Differential Diagnosis

  • Reversible bone marrow suppression: predictable, dose-dependent effects of cytotoxic chemotherapy, accidental radiation therapy, severe sepsis, or acute viral infection. Diagnosis is made by history, microbiological testing, and serology testing. Blood counts are expected to improve over days to weeks.
  • Megaloblastic anemia: due to deficiencies of vitamin B12 (pernicious anemia) and/or folate (malnutrition). Peripheral blood smear shows hypersegmented neutrophils and macro-ovalocytes; bone marrow shows megaloblasts. Low serum levels of vitamin B12 (or methylmalonic acid) and/or folate can confirm the diagnosis. The patient is managed with vitamin supplementation.
  • Infiltrative disorders of the bone marrow: can be due to fibrosis (e.g., myelofibrosis), malignancies, or infectious agents (e.g., tuberculosis, fungi). Peripheral blood smear often shows abnormally shaped cells (poikilocytes), tear-drop cells, and leukoerythroblastic changes (i.e., both immature WBCs and immature/nucleated RBCs). Bone marrow is usually diagnostic of infectious cases, or abnormalities seen in malignancies.
  • Hypersplenism: Cytopenias due to sequestration associated with splenomegaly may be caused by liver cirrhosis, portal vein thrombosis, and bone marrow infiltrative disorders. The cytopenia is not as severe as seen in AA or other disorders.
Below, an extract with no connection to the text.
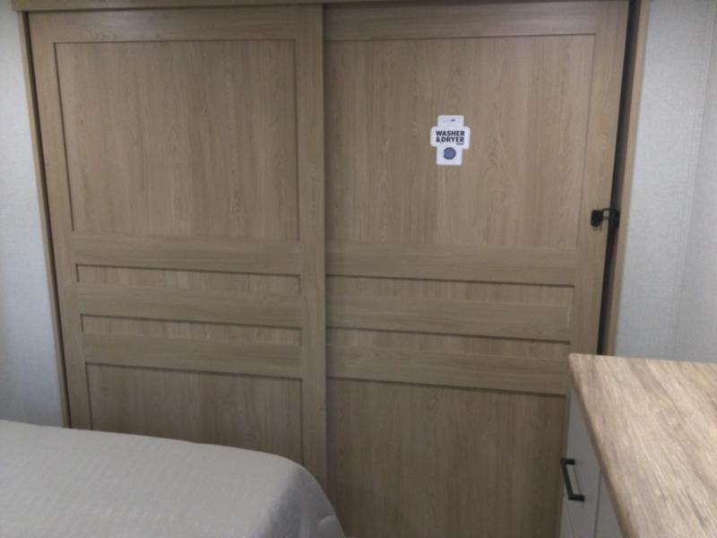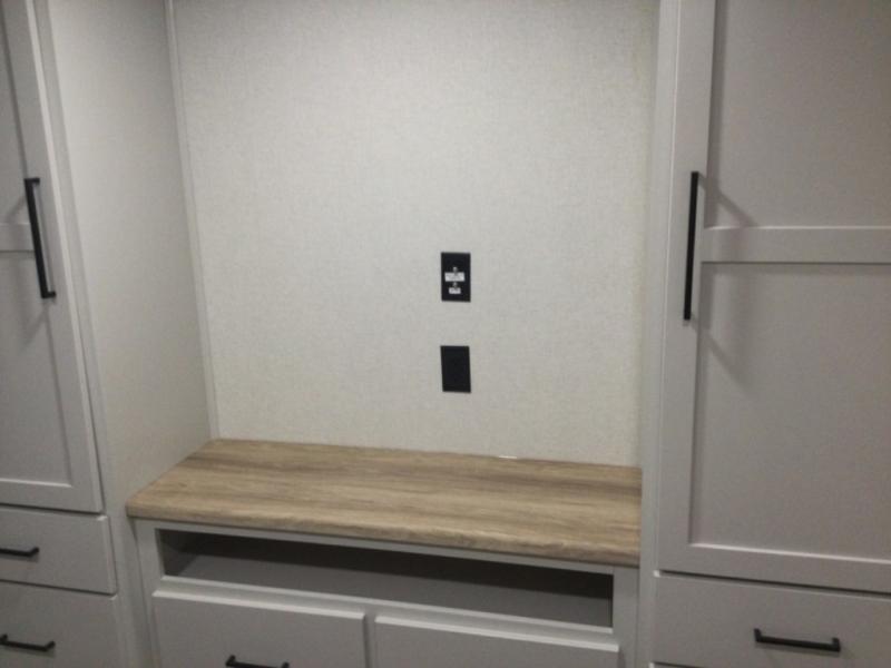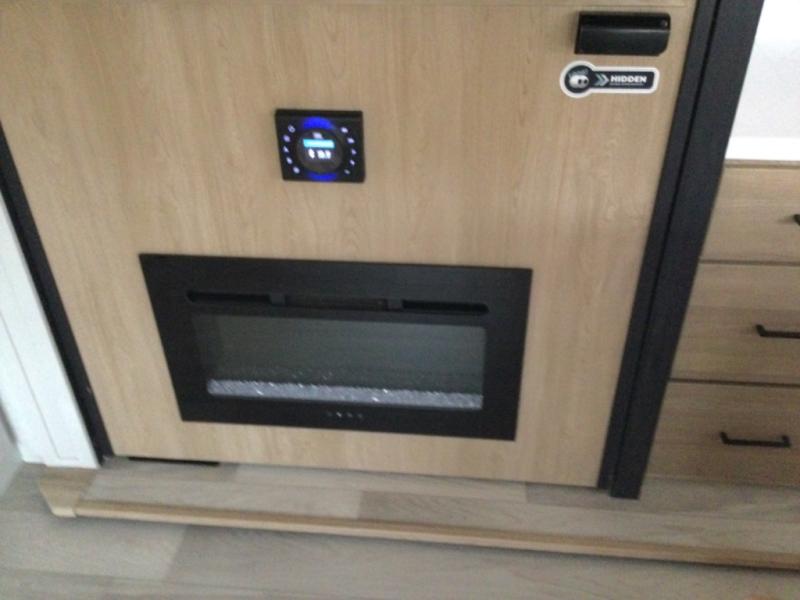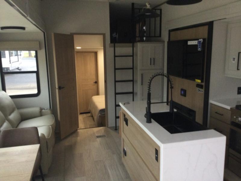 Enjoy a home on wheels with this fifth wheel! There are two bedrooms to choose from plus an upper loft with two 32" x 74" bunk mats, cabinets, and TV prep. The front private bedroom has a queen bed slide across from a dresser and a front wardrobe that is prepped to add an optional washer and dryer. The second bedroom has a queen bed slide across from a dresser with wardrobes on either side, plus it's very own full rear bathroom which has a 36" x 24" tub and a rear entry/exit door to the unit. The second full bathroom has a shower with a seat so everyone can get ready quickly in the morning. Prepare your best home cooked meals with the kitchen island and three burner cooktop then enjoy it at the free standing dinette. Relax in true comfort each night in the theater seating across from the fireplace and 50" TV at the entertainment center!

Bone marrow exam reveals normal or increased hematopoietic activity.
  • Myelodysplastic syndrome: usually shows a full marrow with peripheral cytopenia. Bone marrow shows cellular dysplastic changes and/or characteristic myelodysplastic syndrome cytogenetic or molecular abnormalities. Myelodysplastic syndrome may respond to the same triple therapy used for AA.
  • Large granular lymphocyte leukemia: a leukemia characterized by cytopenias, splenomegaly, and infiltration of peripheral blood and bone marrow by large granular lymphocytes, which may coexist with AA. Diagnosis is possible with flow cytometry and molecular testing.

References

  1. Montané, E., Ibáñez, L., Vidal, X., Ballarín, E., Puig, R., García, N., Laporte, J. R., & Catalan Group for Study of Agranulocytosis and Aplastic Anemia (2008). Epidemiology of aplastic anemia: a prospective multicenter study. Haematologica, 93(4), 518–523. https://doi.org/10.3324/haematol.12020
  2. Olson, T.S. (2019). Aplastic anemia: Pathogenesis, clinical manifestations, and diagnosis. Uptodate. Retrieved November 23, 2020, from https://www.uptodate.com/contents/aplastic-anemia-pathogenesis-clinical-manifestations-and-diagnosis
  3. Young, N.S. (2018). Bone marrow failure syndromes including aplastic anemia and myelodysplasia. In Jameson, J.L., et al. (Ed.), Harrison’s Principles of Internal Medicine, 20th ed. Vol 1, pp. 723–728. 
  4. Red Blood Cell and Bleeding Disorders (2020). In Kumar, V., Abbas, A. K., Aster, J.C., (Eds.). Robbins & Cotran Pathologic Basis of Disease, 10th ed. pp. 659–660.